LEMON POPPY SEED BUNDT CAKE
This gorgeous Lemon Poppy Seed Cake is the perfect understated, yet elegant cake that is moist with lots of vibrant flavor from all the fresh lemon zest. It comes complete with a sweet lemony glaze resulting in an incredibly delicious cake. Perfect for any occasion.
Provided by Joanna Cismaru
Time 1h15m
Number Of Ingredients 13
Steps:
- Prepare oven and bundt cake pan: Preheat oven to 350°F. Spray a bundt cake pan generously with cooking spray and set aside.
- Combine dry ingredients: In a large bowl combine the flour, baking powder, salt and poppy seeds together. Set aside.
- Mix wet ingredients: In the bowl of your mixer add the sugar and lemon zest. Using the whisk attachment whisk for a couple minutes until the lemon zest and sugar are well blended. Add the butter and beat until mixture is light and fluffy, about 4 minutes.

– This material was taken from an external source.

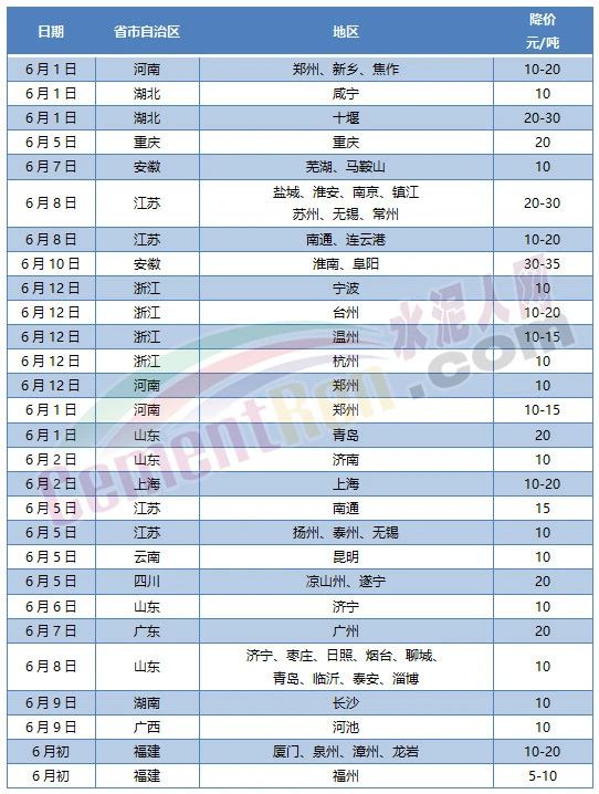 据市场反馈,进入6月因中高考、农忙及高温雨季影响,部分工地施工进度放缓。多区域主要品牌企业出货量锐减,加之外来低价水泥冲击,部分区域甚至出现一日一跌的情形。

- Add the buttermilk and eggs to the mixer and mix well for about 2 to 3 minutes until smooth.
- Combine wet and dry: Add half the flour mixture to the mixer and mix until well incorporated. Add the remaining flour and continue mixing until well incorporated. Pour batter into the prepared baking pan.
- Bake: Bake for 55 to 65 minutes or until an inserted toothpick in the center of the loaf comes out clean.

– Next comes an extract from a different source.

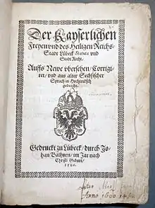 His most famous, but also most disparaged, work was an insufficiently revised High German version of the Lübeck law, done on assignment from the Lübeck Council from Mayor Johann Lüdinghusen, Syndikus Calixtus Schein, and Councilman Gottschalk von Stiten: Der Kayserlichen Freyen und des Heiligen Reichs-Stadt Lübeck Statuta und Stadt Recht. Auffs Newe vbersehen / Corrigiret / und aus alter sechsischer Sprach in Hochteudsch gebracht. Gedruckt zu Lübeck / durch Johann Balhorn / im Jar nach Christi Geburt / 1586.. Since the persons responsible did not name themselves on the title page, and there only the reference to the printer, the published edition was quoted accordingly. From this developed the phrase "Improved by Johann Balhorn" (Verbessert durch Johann Balhorn), which has been known since 1644, or, more simply, the term "verballhornen", with the meaning of "mess something up with the intention of correcting it",[4] to "disimprove."[3]

- Make glaze: While the cake is baking, make the lemon glaze by whisking the powdered sugar, lemon juice and vanilla extract. This glaze needs to be quite runny, so add milk as needed, about a tbsp at a time until the desired consistency is achieved.
- Wait before taking the cake out of the pan: Take the cake out of the oven and let it sit in the bundt pan for 10 minutes. Run a knife along the sides of the cake if necessary, then flip the cake over onto a cake tray. Let the cake cool for a bit for about 10 to 20 minutes.
- Drizzle with lemon glaze and serve: Drizzle the cake with the lemon glaze, cut into slices and serve.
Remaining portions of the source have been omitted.